The parameters for a simple Au nanoparticle example that finds the lowest energy configuration using an EAM potential in LAMMPS is given blow. Each part of the parameters will be discussed in the following sections.

Example:

{
  "seed": 0,
  "structure_type": "aperiodic",
  "generators": {
      "fcc": {
          "number_of_individuals": 5,
          "kwargs": {
              "atomlist": [["Au", 55]],
              "orientation": "100",
              "cell": [20, 20, 20],
              "a": 4.08
          }
      }
  },
  "fitnesses": {
      "LAMMPS": {
          "weight": 1.0,
          "use_mpi4py": false,
              "kwargs": {
                  "MPMD": 0,
                  "keep_files": true,
                  "min_style": "cg",
              "min_modify": "line quadratic",
                  "minimize": "1e-8 1e-8 5000 10000",
                  "pair_style": "eam",
                  "potential_file": "$STRUCTOPT_HOME/potentials/Au_u3.eam",
                  "thermo_steps": 0,
              "reference": {"Au": -3.930}
          }
      }
  },
  "relaxations": {
      "LAMMPS": {
          "order": 0,
          "use_mpi4py": false,
          "kwargs": {
                  "MPMD": 0,
                  "keep_files": true,
                  "min_style": "cg",
              "min_modify": "line quadratic",
                  "minimize": "1e-8 1e-8 5000 10000",
                  "pair_style": "eam",
                  "potential_file": "$STRUCTOPT_HOME/potentials/Au_u3.eam",
                  "thermo_steps": 0
          }
      }
  },
  "convergence": {
      "max_generations": 10
  },
  "mutations": {
          "move_surface_atoms": {"probability": 0.0},
      "move_atoms": {"probability": 0.0},
      "move_atoms_group": {"probability": 0.0},
          "rotate_atoms": {"probability": 0.0},
          "rotate_cluster": {"probability": 0.0},
      "rotate_all": {"probability": 0.0},
      "move_surface_defects": {"probability": 1.0}
  },
  "crossovers": {
      "rotate": {"probability": 0.7, "kwargs": {"repair_composition": true}}
  },
  "predators": {
      "fuss": {"probability": 1.0}
  },
  "selections": {
      "rank": {"probability": 1.0}
  }
}

Global Parameters

Global parameters define parameters that pertain to the entire simulation.

structure_type

structure_type (str): Defines the type of material being optimized. StructOpt currently supports the periodic and aperiodic structure types. The periodic structure type defines periodic boundary conditions in all three directions, and the aperiodic structure type has no periodic boundary conditions.

seed

seed (int): The seed for the psuedo-random number generator. Two runs with identical input and seed should run identically (however, in rare cases rounding errors in the machine may cause some selection schemes to choose different individuals in runs that should be identical).

convergence

convergence (dict): Convergence is a dictionary that defines when to stop the calculation. Currently, the only convergence criteria is max_generations, which is set to an int. For example, the setting below parameters will run the optimizer for 200 generations.

Example:

"convergence": {"max_generations": 200}

post_processing

post_processing (dict): Determines the outputs of the simulation. Currently, the only option is XYZs, which determines how frequentely the xyz files of each generation should be printed. The rules for this are as follows.

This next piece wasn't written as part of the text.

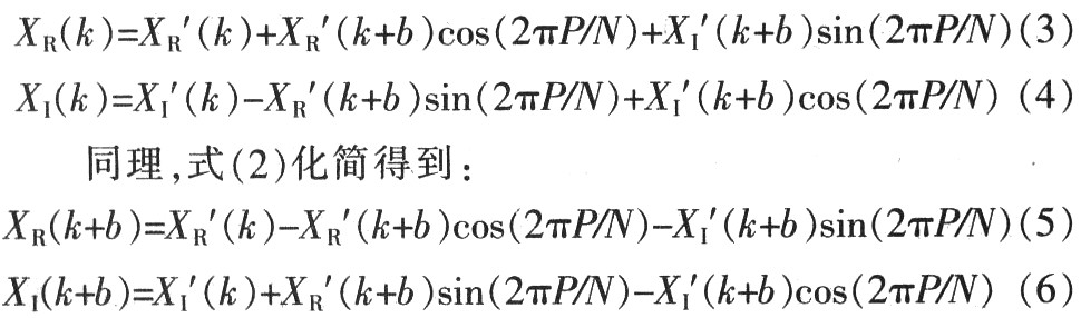 可见每个蝶形运算的输出都是由其输入值与某一正弦函数和余弦函数的乘积累加得到的。由式(3)~式(6)编制正弦和余弦表,每次做蝶形运算时可查表加快运算速度。

  • XYZs = 0: all generations are kept
  • XYZs > 0: every XYZs generation is kept
  • XYZs < 0: the last XYZs generations are kept

The below example is a run where only the last generation is kept (this is the default behavior because saving every individual is both time and disk-space intensive).

Example:

"post_processing": {"XYZs": -1}

Generators

Generators are functions for initializing the population. They are pseudo-random generators that depend on the seed global parameter.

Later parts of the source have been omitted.